Bug 1965218

Summary: pulp3: satellite-maintain content prepare failed when run as nohup job
Product: Red Hat Satellite Reporter: ir. Jan Gerrit Kootstra <jangerrit.kootstra>
Component: Satellite MaintainAssignee: Anurag Patel <apatel>
Status: CLOSED ERRATA QA Contact: Gaurav Talreja <gtalreja>
Severity: medium Docs Contact:
Priority: unspecified    
Version: 6.10.0CC: apatel, aupadhye, ekohlvan, jjeffers, jsherril, kgaikwad, osousa, peter.vreman
Target Milestone: 6.9.7Keywords: Triaged
Target Release: Unused   
Hardware: Unspecified   
OS: Unspecified   
Whiteboard:
Fixed In Version: rubygem-foreman_maintain-0.7.14,tfm-rubygem-katello-3.18.1.45-1 Doc Type: If docs needed, set a value
Doc Text:
Story Points: ---
Clone Of: Environment:
Last Closed: 2021-11-10 16:20:48 UTC Type: Bug
Regression: --- Mount Type: ---
Documentation: --- CRM:
Verified Versions: Category: ---
oVirt Team: --- RHEL 7.3 requirements from Atomic Host:
Cloudforms Team: --- Target Upstream Version:
Embargoed:
Bug Depends On:    
Bug Blocks: 1957813    
Attachments:
Description Flags
the script used to run the required command none

Description ir.
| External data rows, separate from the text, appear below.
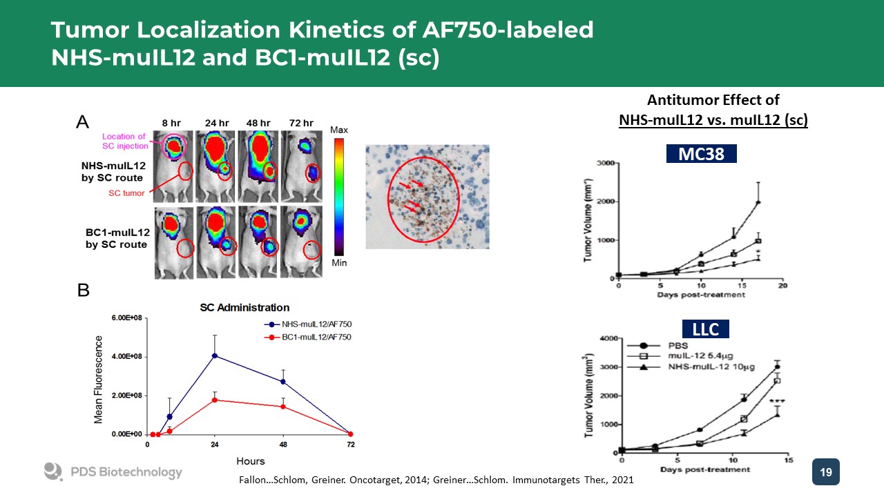 Tumor Localization Kinetics of AF750-labeledNHS-muIL12 and BC1-muIL12 (sc)   MC38  LLC  Antitumor Effect of   NHS-muIL12 vs. muIL12 (sc)   Fallon…Schlom, Greiner. Oncotarget, 2014; Greiner…Schlom. Immunotargets Ther., 2021
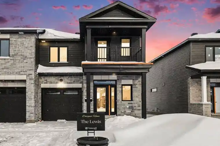 Welcome to the Lewis – a stunning End Unit townhome by Valecraft Homes, located in the highly sought-after Shea Village community in Stittsville. This beautifully designed home offers modern finishes with exceptional functionality, perfect for families, professionals, and anyone seeking stylish, turnkey living. Step inside to an inviting open-concept layout featuring rich hardwood floors throughout the main level and a hardwood staircase leading to the second floor. The bright kitchen is a true showpiece – offering an abundance of cabinetry, high-quality finishes and a large island ideal for cooking, hosting, and gathering. Upstairs, you’ll find generously sized bedrooms, including a spacious primary suite complete with Ensuite and its very own private balcony. The lower level adds even more value with a fully finished rec room with fireplace, perfect for a home theatre, gym, playroom, or office. Located in one of Stittsville’s most vibrant new communities, the Lewis End Unit offers modern comfort, thoughtful design, and outstanding craftsmanship – all in a family-friendly neighbourhood close to parks, schools, transit, and everyday conveniences. The perfect blend of style, space, and quality – welcome home.
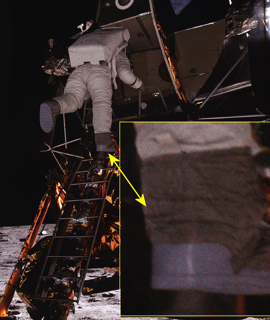 Ipotesi che io ho bocciato in pieno (sappi che io sono l'unico debunker che debunka anche i debunker) limitando la luce proveniente dalla tuta di Armstrong su Aldrin ad una luminosità minima che però giustificava almeno il debole riflesso sui tacchi e il riflesso un po' più visibile sul kapton.
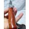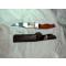 Ce couteaux efficace et élégant vous accompagnera à la chasse et en dîner. Sa lame fine de 3 mm est tout à fait redoutable pour le dépeçage et la découpe.Le manche en santal rouge vous ravira par ces chatoiements au soleil. L étui moulé sur mesure et cousu main par mes soins vous permettra de l’emporter partout , à la ceinture ou dans un sac.
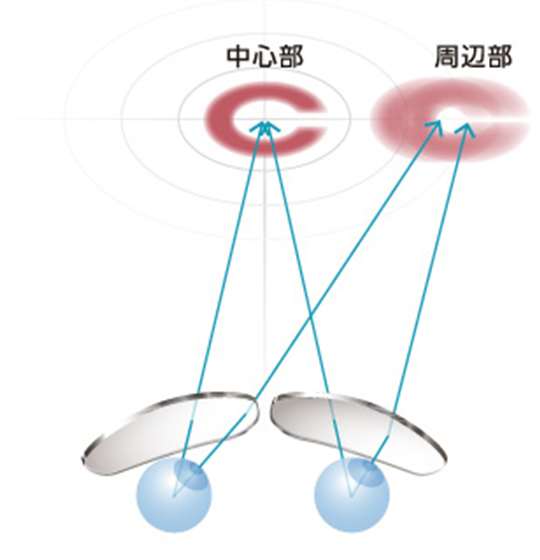 フレームそり角によるプリズム自動補正。そり角の大きい「SPORTSフレーム」に度つきレンズを入れてかけると、周辺視野では左右眼視線方向にずれが生じます。 HOYA「NULUX RF SPORTS」は「明瞭さ」と「左右眼視線ズレ補正」の両方の最適バランスを追求した世界初のシングルビジョンレンズです。

Jan Gerrit Kootstra 2021-05-27 08:12:41 UTC
Created attachment 1787519 [details]
the script used to run the required command

Description of problem:

nohup ./satellite-maintain-content-prepare.sh > content-prepare.log 2>&1
fails with error:

Failed executing foreman-rake katello:pulp3_migration, exit status 256

content of the script:

satellite-maintain content prepare

Version-Release number of selected component (if applicable):

6.9.2

How reproducible:


Steps to Reproduce:
1. create the script and make it executable
2. run the nohup command
3. tail -f logfile

Actual results:

Failed executing foreman-rake katello:pulp3_migration, exit status 256

Expected results:

no errors as the command does not require input

Additional info:

Comment 1 ir. Jan Gerrit Kootstra 2021-05-27 08:20:30 UTC
running the command in the foreground:

satellite-maintain content prepare

There seems to be no issue.

Comment 2 Peter Vreman 2021-06-17 07:47:38 UTC
A severity Urgent match more the impact on the users starting the migration process.
I also hit this issue directly out-of-the-box when trying the 'satellite-maintian content prepare' step

It is really confusing the users what is happening when using nohup or any other standard bash background process.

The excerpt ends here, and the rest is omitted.